Hit up the source link. Even the whistleblower agrees:
"Any time I try to draw attention to this, I get the usual responses from technical people:
*Just use 1Pass
*The computer is already insecure as soon as you have physical access
*That’s just how password management works
While all of these points are valid, this doesn’t address the real problem: Google isn’t clear about its password security."

All these point are valid. Huh. This guy must leave all his doors unlocked and post signs too. /s

Wow! Just wow! You go the extra mile defending Google although you and I know this is a major problem!

I'm not sure what your point is with this article. You seem to be saying that it's a tempest in a teapot situation, yet you agree (and it's common sense to do so), that storing your passwords in an insecure manner is a bad idea.

Personally, I've always used keychain as it's built into the OS, highly secure, and does everything that a password manager does anyway. It also stores lots of things for you automatically, so even if you are not using it, you *are* actually using it if you are using a Mac at all. So it kind of behooves a user to be aware of how it works anyway.

On the other hand, if you are that kind of user that doesn't put a password on your user account on the Mac, you are going to be in almost the same situation as a Chrome user finds themselves in, because it's your user account password that unlocks your keychain.

In fact, the combination of a Mac user that isn't aware of the keychain's existence, and also has no user account password actually leaves them in a *less* secure position than this Chrome problem, because you might easily have put secure information in there without knowing, and not having a user password, it's completely open to anyone who does know and wants to look.

Rene's whole point is to address the "tizzy" that is all of a sudden coming to light as he states in the first paragraph.
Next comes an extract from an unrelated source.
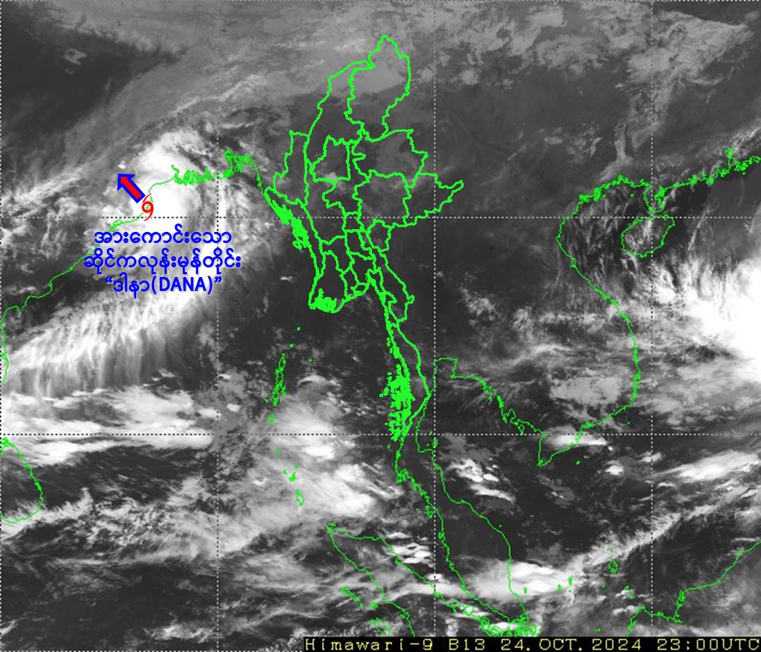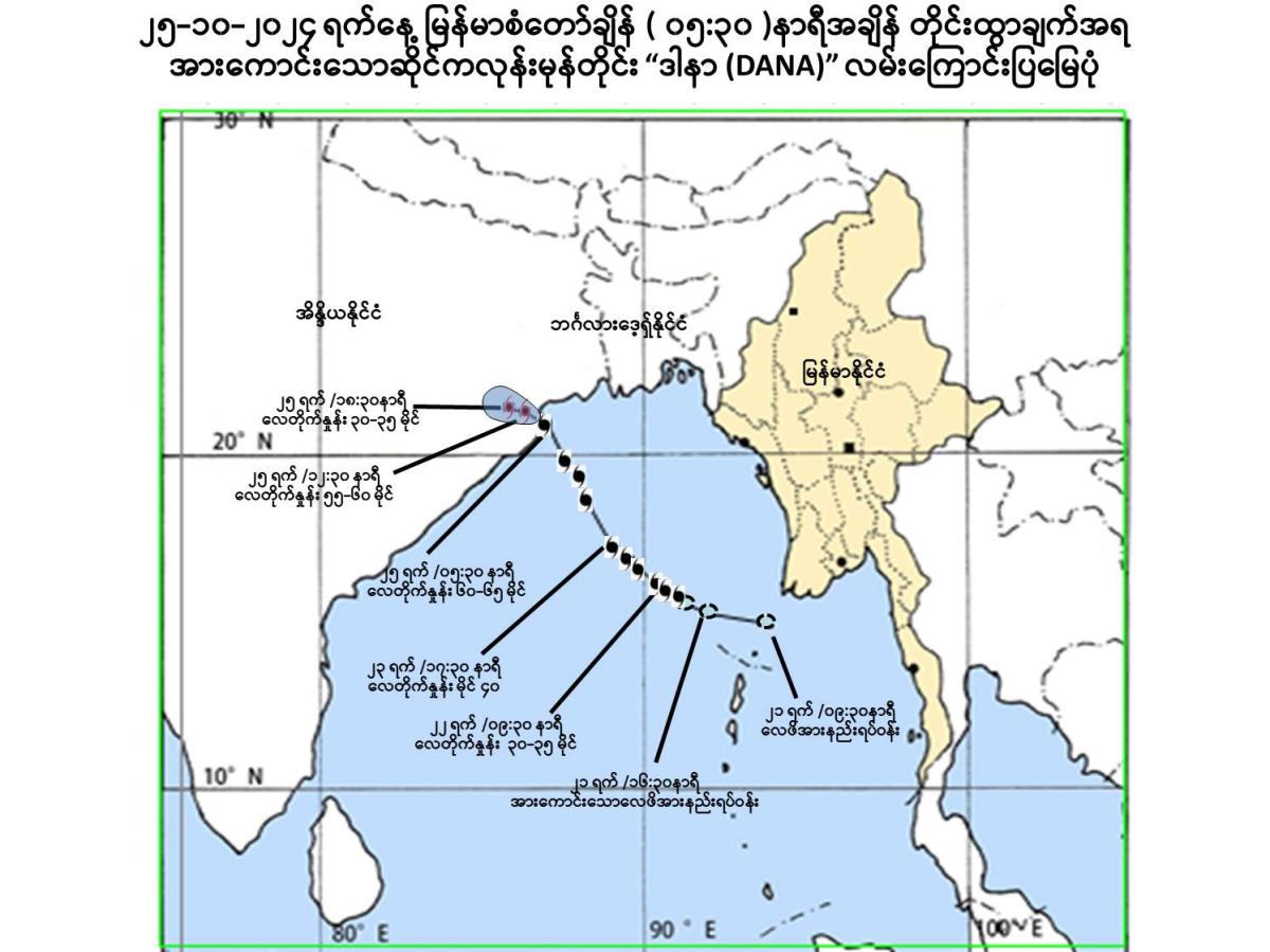 (၁) ယနေ့မြန်မာစံတော်ချိန် (၀၅:၃၀) နာရီအချိန် တိုင်းထွာချက်များအရ ဘင်္ဂလားပင်လယ် အော်အနောက်မြောက်ပိုင်းတွင် ဖြစ်ပေါ်နေသော အားကောင်းသောဆိုင်ကလုန်း မုန်တိုင်း“ဒါနာ”(DANA) သည် မြောက်-အနောက်မြောက်ဘက်သို့ရွေ့လျားခဲ့ပြီး၊ မုန်တိုင်း၏အဝန်းအဝိုင်းသည် အိန္ဒိယနိုင်ငံ၊ ဩရိဿပြည်နယ်မြောက်ပိုင်းနှင့် အနောက် ဘင်္ဂလားပြည်နယ်ကမ်းခြေတို့ကို ပူရီမြို့ (Puri)နှင့် ဆာဂါကျွန်း (Sagar Island) တို့ အကြား ဒမ်မရာမြို့ (Dhamara)အနီးမှ ဖြတ်ကျော်လျက်ရှိကာ၊ ယနေ့နံနက်ပိုင်းတွင် အိန္ဒိယနိုင်ငံ၊ ဩရိဿပြည်နယ်ကုန်းတွင်းပိုင်း ဒေသများကို ဆက်လက်ဖြတ်ကျော်နိုင် သည်ဟု ခန့်မှန်းရပါသည်။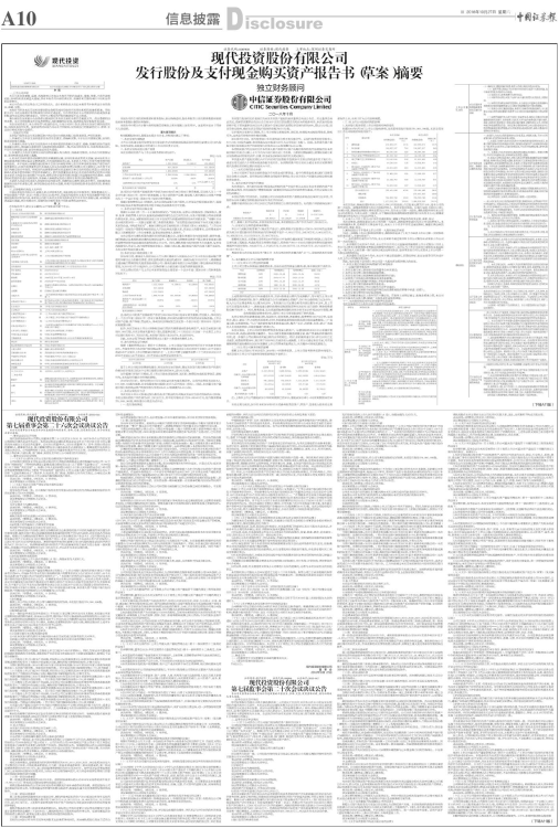 中信证券股份有限公司、湖南人和人律师事务所、天职国际会计师事务所(特殊普通合伙)、中瑞世联资产评估(北京)有限公司均已出具声明,同意现代投资在本报告书及其摘要中援引其提供的相关材料及内容,承诺其出具的与本次交易有关的申请文件中不存在虚假记载、误导性陈述或重大遗漏,并对其真实性、准确性和完整性承担个别和连带的法律责任。

Apparently a lot of people didn't already know this or have been too trusting Chrome, IE or any other browser. I personally didn't know about this flaw, short fall, or whatever else you want to call it. But, then again I'm not surprised nor hurt by it because I don't trust anything to remember my passwords. Basically he is saying to the Internet, "no duh, people, but since you brought it up here is a little info on it." I would dare say that 90% of people have never even heard of a password manager or what it does.

I think Google's position is in regards to malicious intent...if someone gets your computer then encrypting the passwords in a app is not going to help. But to me that argument assumes that their encryption effort would be useless, which I think it would not, and misses the most likely scenario of unintended access. Having a friend/relative/guy-fixing-the-frig that sits down at your computer, browses Amazon or the bank link on your Favorites bar and starts snooping or worse.

Google's position seems similar to Microsoft's years ago when everyone complained about security being so bad. MS responded with wall of irritating security pop ups instead of addressing some of the fundamental causes that they had control over. Yes, most users are not security minded and are to blame...."password" is not a reliable password. Yes most systems can be compromised if you have the time, resources and access. But to not try seems...dumb or arrogant or both.

I've had a LastPass account for quite a while now, but I've only started to fully utilize it the last two years, along with Xmarks owned by the same company. The best part is being able to access all your stuff, including billing info, from the site; that's saved me so many headaches. I still let IE on Windows 8 remember my stuff since there is no way for IE Metro to pull data from the app.